- The problem -
Copy the records below exactly, leaving out every picture.

START Data records

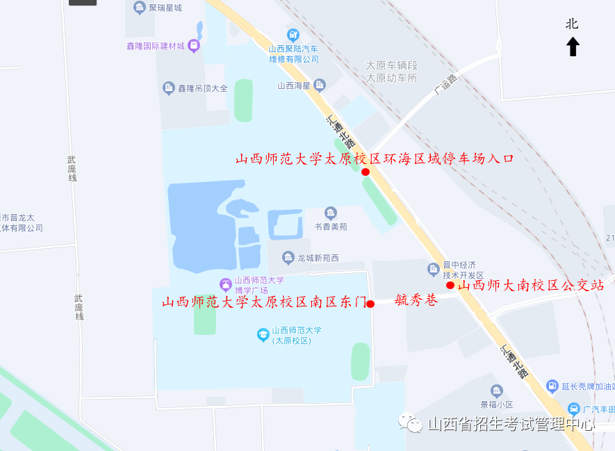 乘坐公共交通工具(901、902、903等公交线路)的考生可在“山西师大南校区站”下车,经毓秀巷步行至山西师范大学太原校区南区东门进入校区,而后按照引导到达考试(面试)地点。
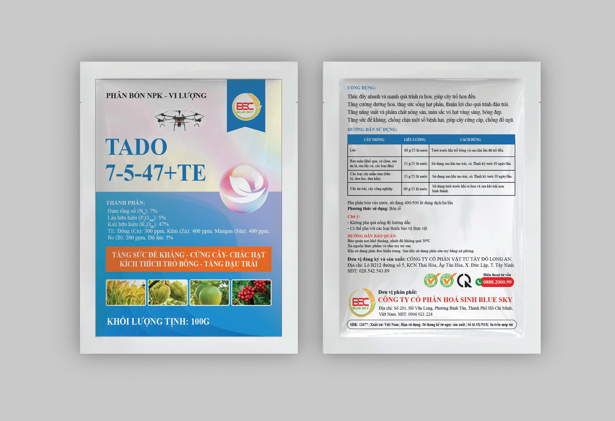 BSC TADO 7-5-47+TE – TĂNG SỨC ĐỀ KHÁNG – CỨNG CÂY – CHẮC HẠT – KÍCH THÍCH TRỔ BÔNG – TĂNG ĐẬU TRÁI
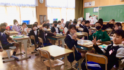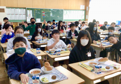 4月25日の梅坪小学校(8)6年生 会食の様子
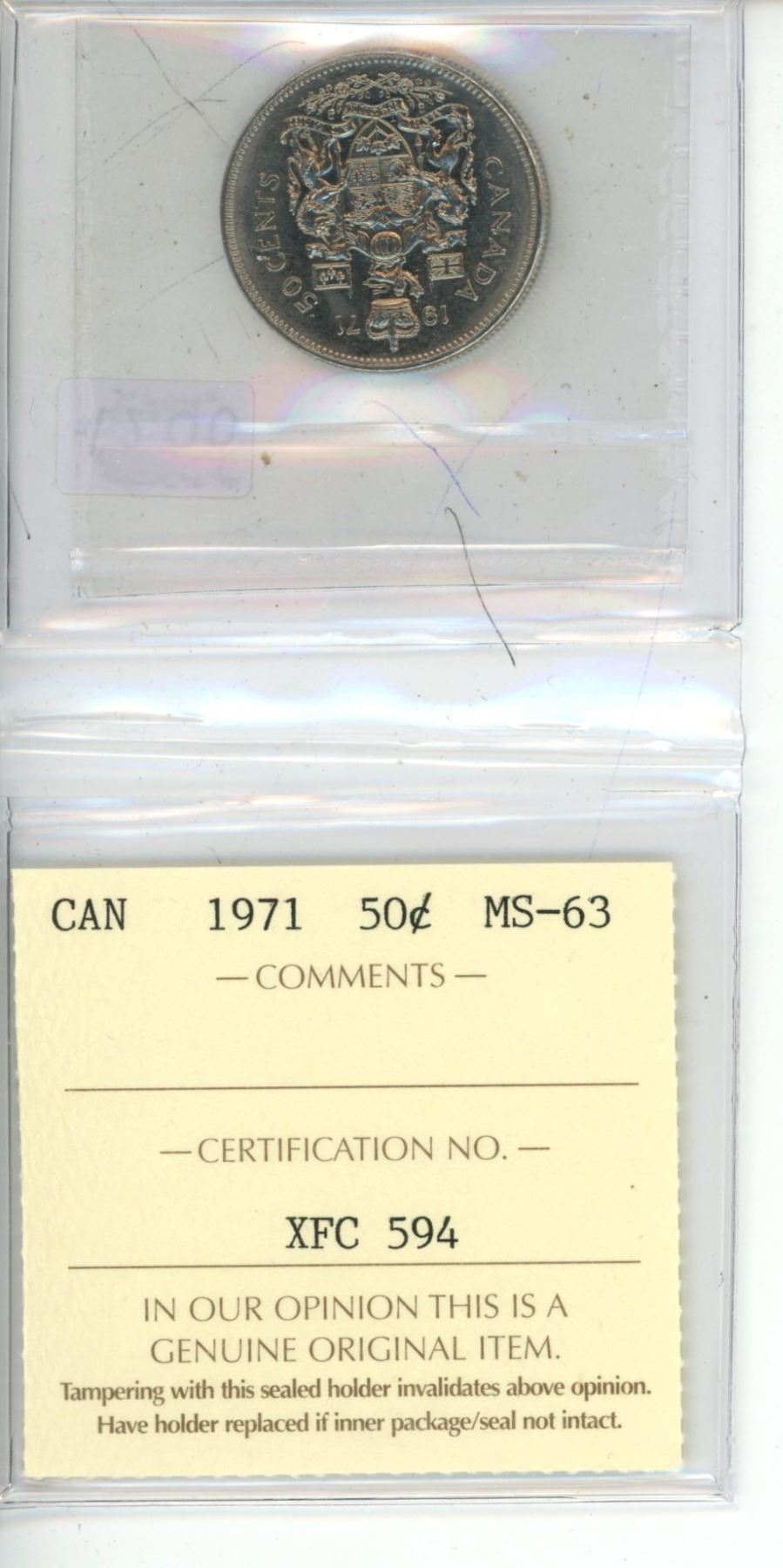 1971 ICCS Graded - Canadian Fifty Cent - MS63
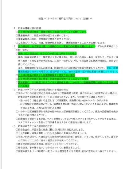 なお、新型コロナウイルス感染拡大予防の諸対策につきまして、引き続きご理解とご協力をいただきますようよろしくお願い申しあげます。
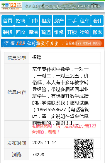常年专补初中数学,一对一,一对二,一对三到五,价格低,本人有十多年教学辅导经验,带过多届初四毕业班学生,有想提升数学成绩的同学请联系我(随时试课)18645558627 【电话咨询时,请一定说明在望奎信息网看到的,谢谢!】 |
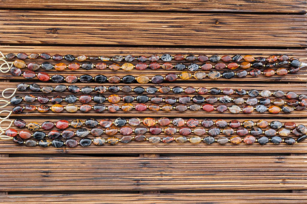Beautifully patterned jasper. This new find occurs in the Pilbara region of Western Australia. This gorgeous Jackson Pollock style Jasper has poles of streaky colours layered across each other creating a hatching effect across its surface. With colours in shades of grey, beige, red, mustard, dark brown with some black and white, usually coloured by iron oxide.
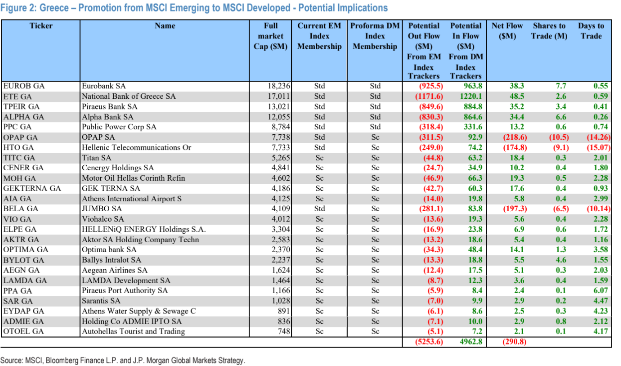 Σε επίπεδο διεθνών δεικτών, η MSCI εκτιμά ότι η Ελλάδα θα αποκτούσε παρουσία στον MSCI Europe με πέντε μετοχές και pro forma βάρος περί το 0,36%, ενώ στο MSCI World το αντίστοιχο βάρος θα διαμορφωνόταν κοντά στο 0,06%. Σε κάθε περίπτωση, το κέντρο βάρους των ροών παραμένει στις τράπεζες και στους λίγους μεγάλους τίτλους υψηλής κεφαλαιοποίησης.

END Data records

- Task response -
 乘坐公共交通工具(901、902、903等公交线路)的考生可在“山西师大南校区站”下车,经毓秀巷步行至山西师范大学太原校区南区东门进入校区,而后按照引导到达考试(面试)地点。
 BSC TADO 7-5-47+TE – TĂNG SỨC ĐỀ KHÁNG – CỨNG CÂY – CHẮC HẠT – KÍCH THÍCH TRỔ BÔNG – TĂNG ĐẬU TRÁI
 4月25日の梅坪小学校(8)6年生 会食の様子
 1971 ICCS Graded - Canadian Fifty Cent - MS63
 なお、新型コロナウイルス感染拡大予防の諸対策につきまして、引き続きご理解とご協力をいただきますようよろしくお願い申しあげます。
常年专补初中数学,一对一,一对二,一对三到五,价格低,本人有十多年教学辅导经验,带过多届初四毕业班学生,有想提升数学成绩的同学请联系我(随时试课)18645558627 【电话咨询时,请一定说明在望奎信息网看到的,谢谢!】 |
Beautifully patterned jasper. This new find occurs in the Pilbara region of Western Australia. This gorgeous Jackson Pollock style Jasper has poles of streaky colours layered across each other creating a hatching effect across its surface. With colours in shades of grey, beige, red, mustard, dark brown with some black and white, usually coloured by iron oxide.
 Σε επίπεδο διεθνών δεικτών, η MSCI εκτιμά ότι η Ελλάδα θα αποκτούσε παρουσία στον MSCI Europe με πέντε μετοχές και pro forma βάρος περί το 0,36%, ενώ στο MSCI World το αντίστοιχο βάρος θα διαμορφωνόταν κοντά στο 0,06%. Σε κάθε περίπτωση, το κέντρο βάρους των ροών παραμένει στις τράπεζες και στους λίγους μεγάλους τίτλους υψηλής κεφαλαιοποίησης.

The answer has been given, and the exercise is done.